Sunday, January 23, 2011

An informal telephone survey

Other than face-to-face discussion, what is the most effective way for me to communicate with my patients? Most frequently, I use the phone, but will occasionally send patients a letter, particularly if I’m reporting test results and recommending followup. I’ve dabbled with email, but found the “secure messaging system” available to me somewhat cumbersome.

Recently, I gathered data on how I was using phone calls to reach or respond to patients. Before I share the results and some interpretations, here’s how I collected the information.

From December 16, 2010 to January 14, 2011 (excluding my holiday week of December 20-24), I recorded data on all calls with patients and family members. I used the database program, Bento, on my iPhone. Bento makes it quick and simple to set up a basic data collection template (“library” in Bento-speak). Setting up a user-friendly template requires some forethought so as to make data collection simple. You can create a new library either directly on the iPhone, or on your computer and then sync the library between computer and iPhone.

The computer-version of Bento lets you search and sort the database, or export the information to a spreadsheet.

I prefer to limit the number of choices in each data field so that I can use pull-down lists and checkboxes. If all the information can be entered/confirmed with one touch on the screen, it speeds data entry and makes for consistent responses. I was interested in a snapshot rather than a lot of detail.

I used these categories:

Date – touch on date selects today’s date as default.

Duration of call (minutes) – I used the screen keyboard to enter the number. I could also have used a pull-down list of numbers from 1 to 20.

Reason for call – Pull-down list included:

Patient initiated – results (e.g. calling for lab reports)

Patient initiated – postop problem (e.g. concerned about infection after surgery)

Patient initiated – other question

Physician initiated – results (e.g. biopsy reports)

Physician initiated – followup (e.g. recovery after surgery)

Physician initiated – other

Time of call – one touch to record the current time


Call unsuccessful/busy/not in

Comments (always handy to have a “miscellaneous” column in a database!)

If you spend your whole work-day in front of your computer, you could just set up this database in Excel. Because I travel between several sites at several hospitals, in addition to my office, I’m much more likely to consistently record information on a single device, and my iPhone is always at hand.


Time period: 3 weeks

Number of calls: 39

Total call time: 179 minutes

Average time per call: 4.6 minutes (range 1-12 minutes)

Average call time per week: 59.7 minutes

Unsuccessful calls: 4 (10.3%) – (1,1,2 and 2 minutes respectively for these calls)
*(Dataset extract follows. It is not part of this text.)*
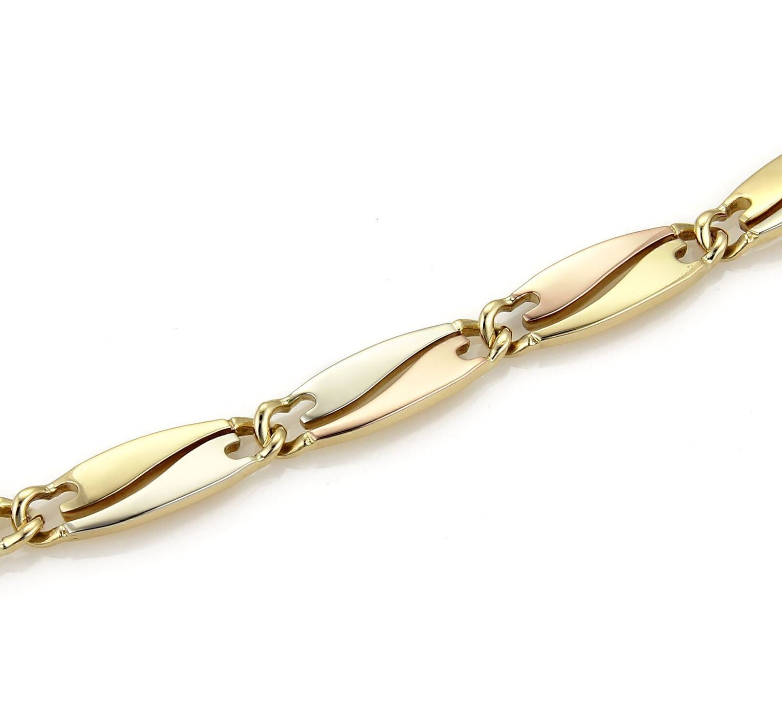 This is an elegant fancy link necklace from Quadri, it is crafted from solid 18k yellow, rose and white gold with a high polished finish. The links are a fancy long curved design a king of ying yang style and it fastens with a push in clasp with latch for added security. It is signed Quadri 750.
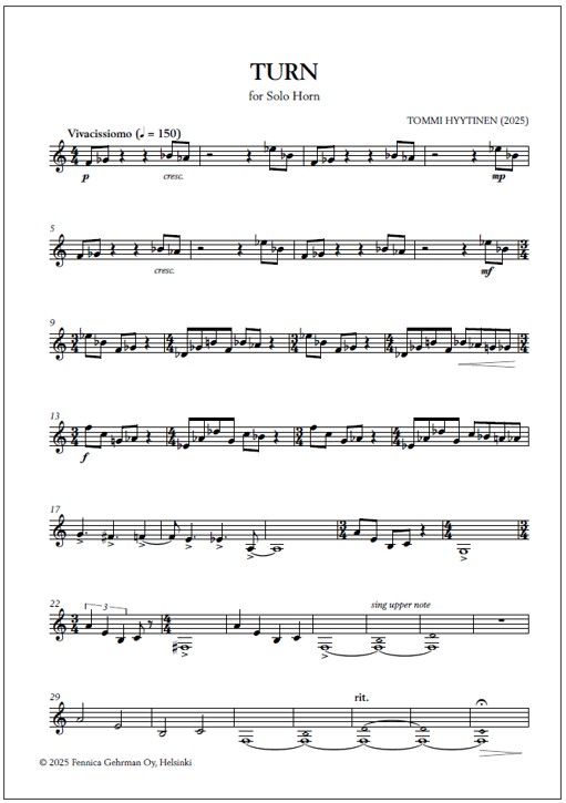 The title "Turn" of Tommi Hyytinen's work for solo horn (2025) refers to the numerous rhythmic turns it contains. Following an intense rhythmic playfulness at the beginning, the piece evolves into an expressive modal melody. After this, the initial rhythmic motifs return with even greater force, gradually calming towards the end.

Average time per call (excluding unsuccessful calls): 4.9 minutes

Frequency distribution of successful call duration (chart below):

Local calls: 17 (43.6%)

Physician initiated: 16 (41%)

Time of day calls made (chart below):


My impression was that I made fewer calls than usual during the measurement period, likely because it was over the holidays. Less surgery is done during that time, so there would be fewer calls about post-op concerns. Also, it may be that patients were traveling, or busy with holiday visitors and so less likely to have time to call to discuss non-urgent concerns.

Concerns discussed in shorter calls (5 minutes or less) could probably be dealt with via email. These calls tend to be straightforward, single-question discussions. However, longer discussions are not conducive to email as there is a lot of back-and-forth with more involved discussion. Trying to conduct these discussions through email is probably not effective.

Three calls were quite lengthy (1 of 11 minutes and 2 of 12 minutes). Most of the time, I could anticipate that a call would be lengthy and so tried to make the call when I had adequate time for the discussion. However, this sometimes means that I would postpone making the call until I was going to be free for a longer period. I return many calls in the short breaks between OR cases or between seeing patients in the office. These short breaks aren’t adequate to discuss, say, a biopsy report showing cancer and the testing and treatment that will follow. These would be circumstances where scheduling time for a call (or office visit if convenient for the patient) would be helpful in reducing unsuccessful calls, and also making sure patients receive the information in a timely fashion.

In the study period, I spent about an hour per week speaking with patients on the phone. As I mentioned above, I think this was less than usual. This is one heck of a good deal for the patients’ insurance plan (AKA Sask Health) as I do not receive reimbursement for this work.

I’ve also been struck by the occasional patient’s comment that they are very pleased to be able to reach me by phone, as they didn’t think they could call directly to speak with “the doctor”. I know that many family practices insist that patients set up appointments to discuss concerns. If they didn’t have this rule, those family doctors could spend most of their day on the phone, gratis. But, if patients have been acclimatized to the idea that they can’t reach their doctor to ask questions, maybe some of them don’t even bother to make a call in the first place. If the problem were urgent, I suspect they would seek out help. But, for less-urgent problems, the questions may be going unasked. Perhaps I’m missing opportunities to provide better service/answer questions by not giving the level of accessibility that email would afford.